SGA President Joshua Martin, right, and his party were routed in last week’s election by Benjamin Rizk and Students Unite. Martin is now contesting the election. | Anh Le/The Cougar

SGA President Joshua Martin, right, and his party were routed in last week’s election by Benjamin Rizk and Students Unite. Martin is now contesting the election. | Anh Le/The Cougar

Student Government Association President Joshua Martin, citing voting “errors,” is contesting his loss to opponent Benjamin Rizk in front of the organization’s high court on Monday night in yet another SGA election controversy.

The contest, which was called in favor of Rizk by the SGA’s election office over the weekend, faced technical issues that initially kept some freshmen and transfer students from voting. But, voting was extended on Get Involved and everyone who wanted to vote was given the chance to, according to SGA Election Commissioner Tochi Okoli.

“By the end of the election, even up until 15 minutes before voting closed, when students would send their information through (an online form used to solve the technical issues), every single person on that form had been remedied,” Okoli said.  “An email was sent to everybody saying you are now eligible to vote. Everybody who wanted to vote in the election was able to vote.”

Martin, who quietly overhauled SGA’s election rules last year, submitted a formal inquiry to the SGA Supreme Court on Sunday and said he believes the voting issues “potentially could have swayed” the election. Okoli assured that is not the case.

“We actually have evidence to support the fact that it did not sway the outcome of the election whatsoever,” the election commissioner said. “Just by majority alone and also by seeing at the end of each day which party was winning, it was clear from the start which party would ultimately be successful.”

In a statement, Martin said he and his party, which was routed, “will immediately concede the election to respect the conclusion of the democratic process” if their case is unsuccessful. 

Rizk, a political science sophomore, denounced Martin’s efforts to contest the race and criticized the sweeping changes the incumbent made to election rules.

“The election code was not only revised in order to make it more difficult for lower-income students to run but also easier for incumbents to win,” Rizk said. “On top of that, it created many discrepancies in regards to properly enforcing the code, which slowed down the judicial process in administering election code violations.”

Among the changes were a jarring increase in campaign spending caps, changes to term limits and an end to ranked-choice voting.

This is not the first time the SGA has been engulfed by a controversial election.
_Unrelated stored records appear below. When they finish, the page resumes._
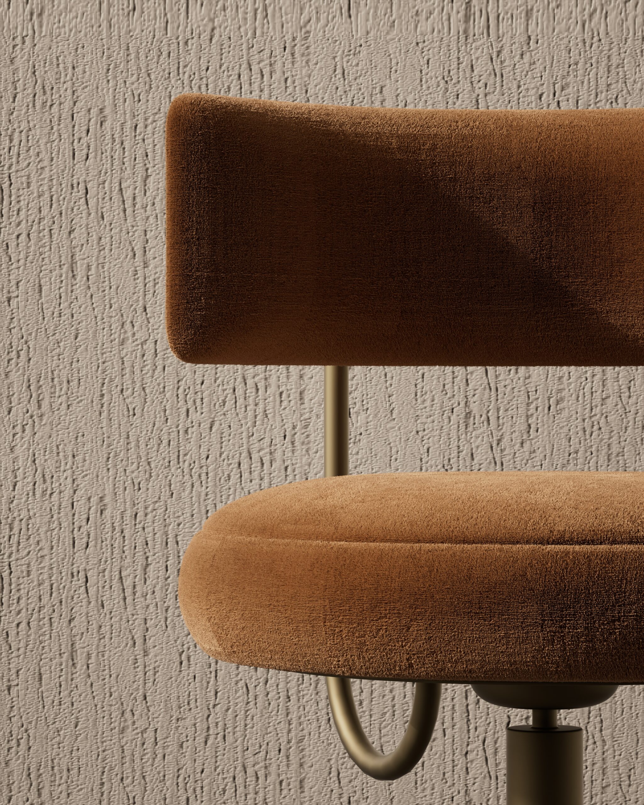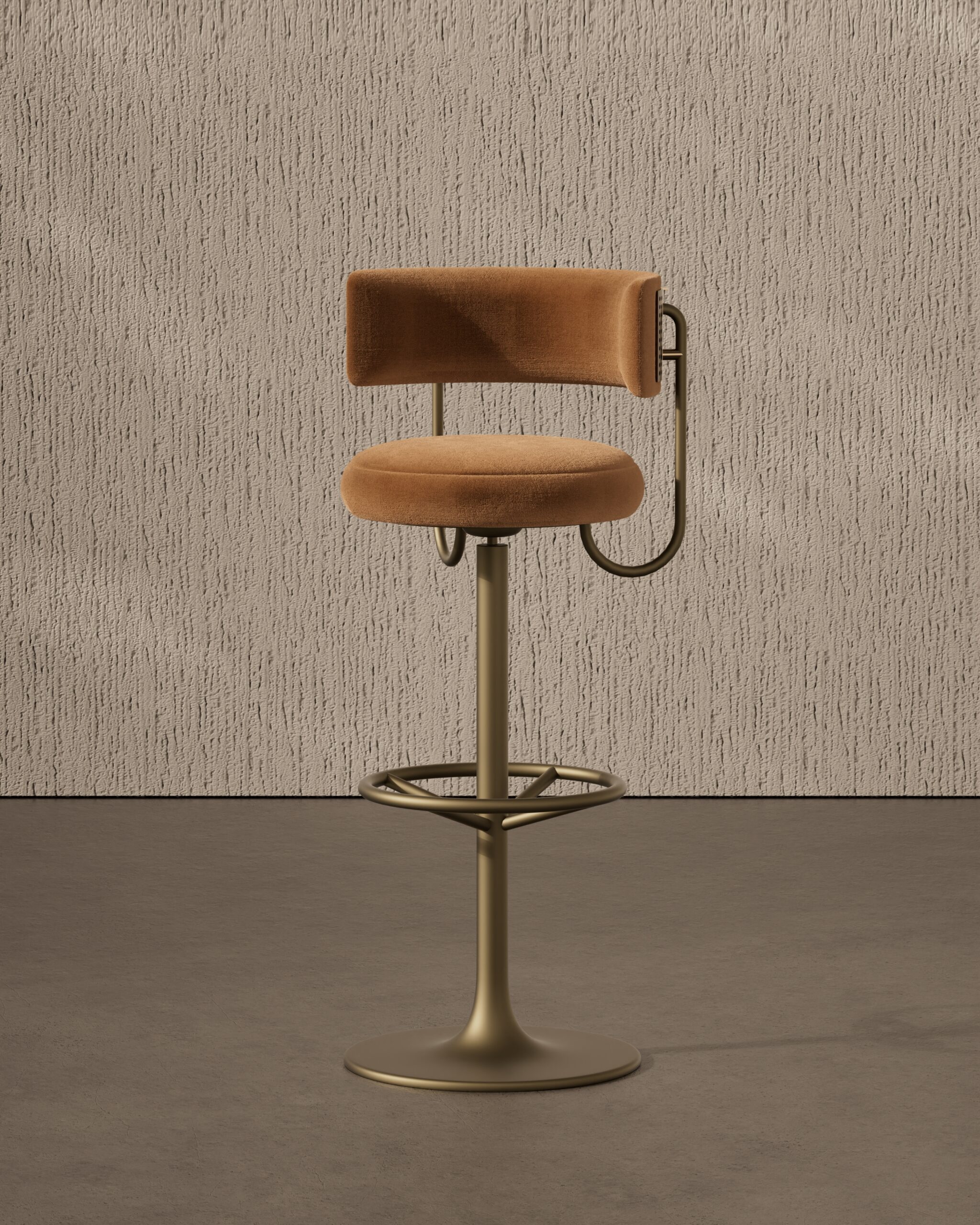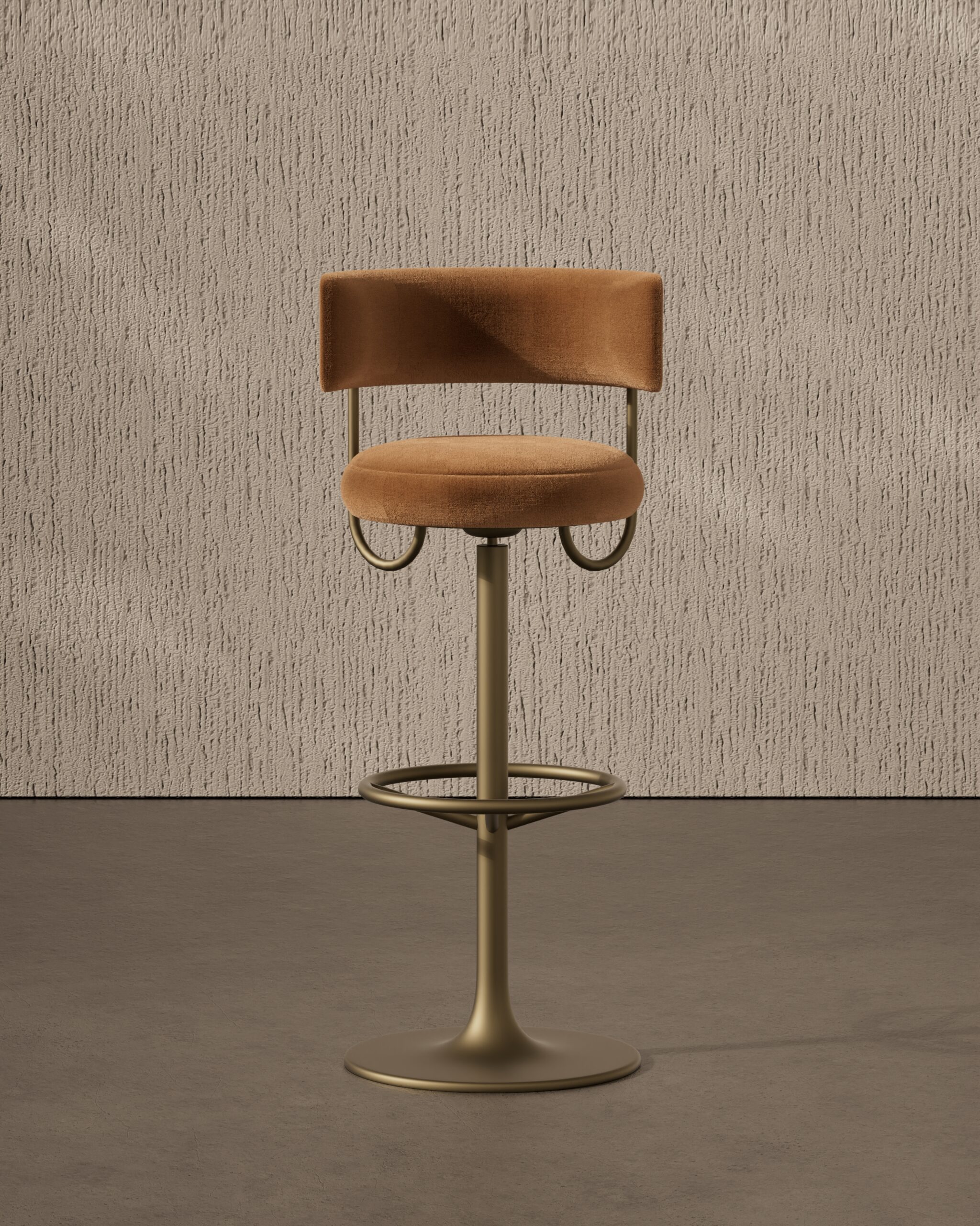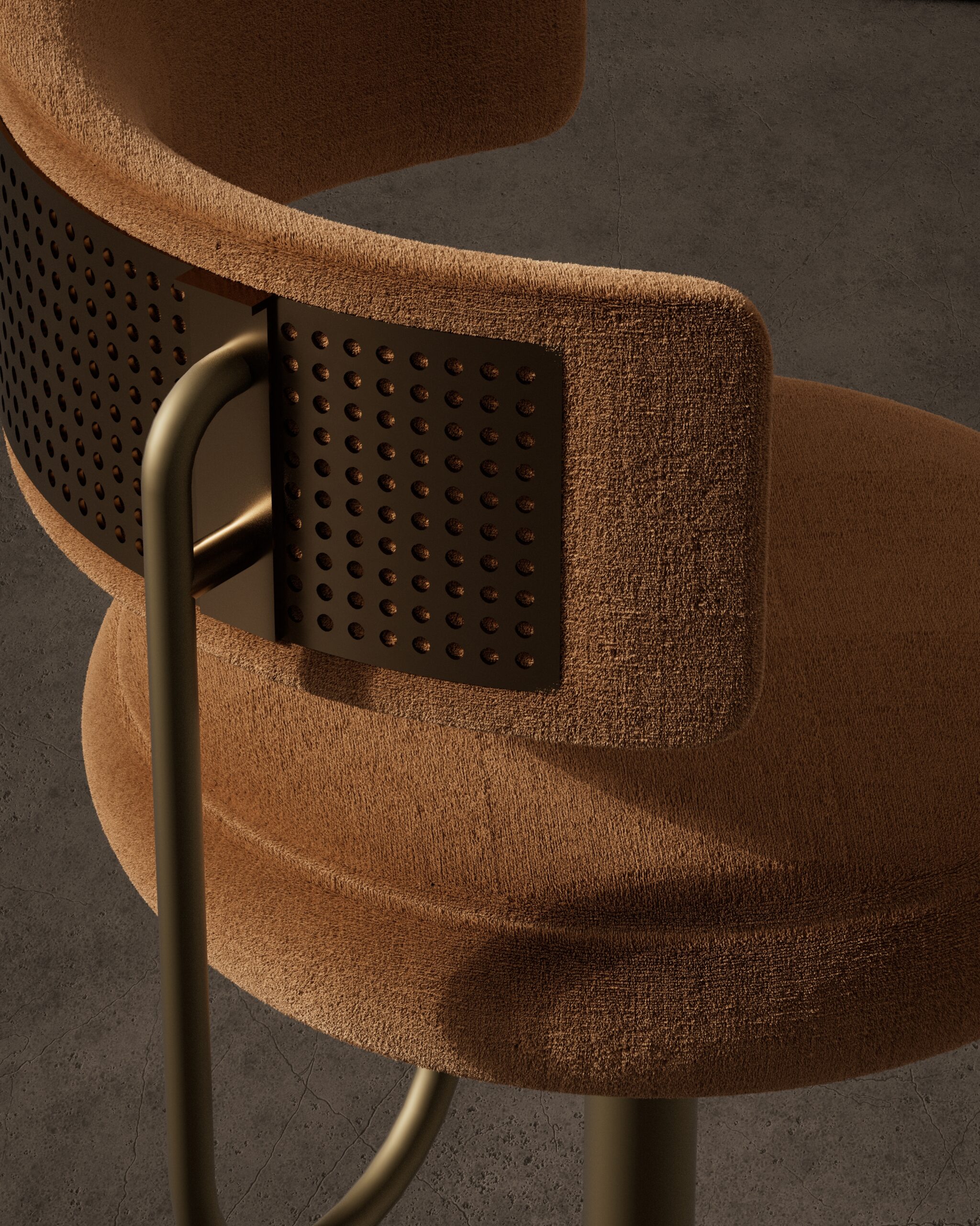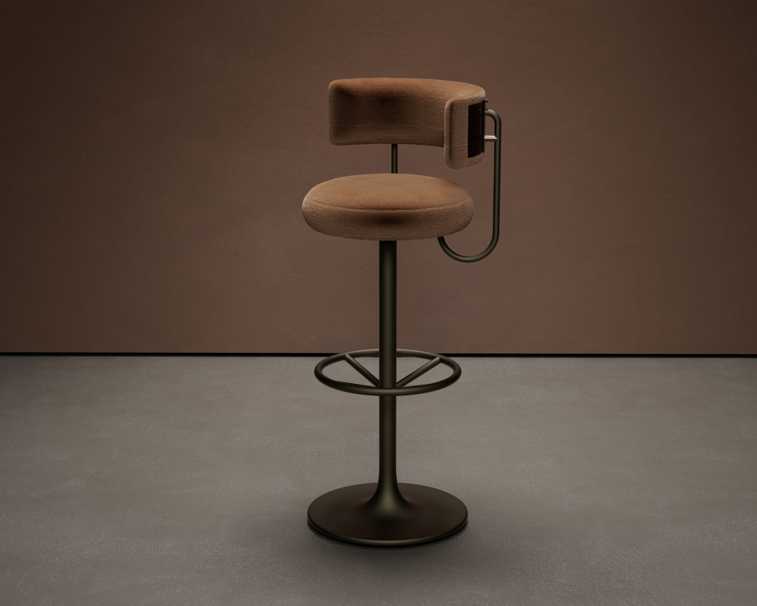 The REGAL bar stool is a study in modern glamour and industrial refinement. Part of our Design Studio Collection, it features a plush, rounded seat and a low-profile caramel bouclé backrest that appears to float behind the sitter. The design is defined by its signature perforated metallic detail on the rear of the backrest, which is supported by a slender, satin champagne frame. This interplay between soft, nubby textiles and the precise, geometric lines of the trumpet-style base creates a sophisticated silhouette that offers a elevated, jewel-like presence at any bar counter.
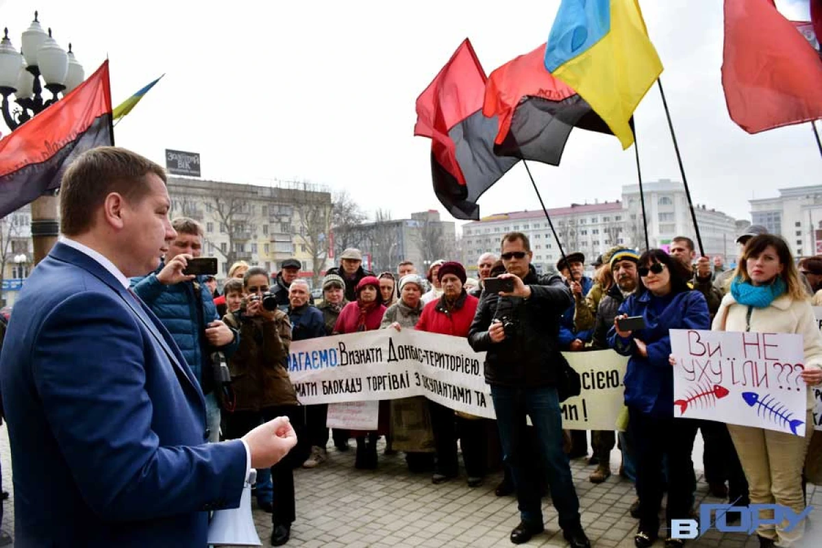 Андрій Гордєєв намагався переконати протестували, що питання, пов’язані з економічною блокадою Донбасу, – не в компетенції Херсонської ОДА.
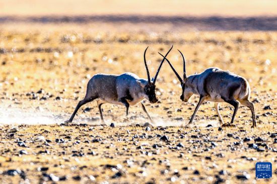 兩頭雄性藏羚羊在羌塘國家級(jí)自然保護(hù)區(qū)爭奪交配權(quán)(12月3日攝)。新華社記者 姜帆 攝

In 2021, Arsalan Darbin won the presidency by default after the spiritual predecessor of Martin’s party was disqualified by the SGA Supreme Court. 

The entire organization was later upended after Darbin faced — and lost — a University-wide referendum that should have ousted him, but the organization’s justice department overturned it.

Despite the controversy, this year’s elections experienced record turnout in comparison to the past three years, according to Okoli, and Rizk’s Students Unite party won by a wide margin.

“Especially because of the political climate that we’re in right now, in terms of the nation not even just at UH, it’s becoming increasingly popular to question the democratic process,” Okoli said.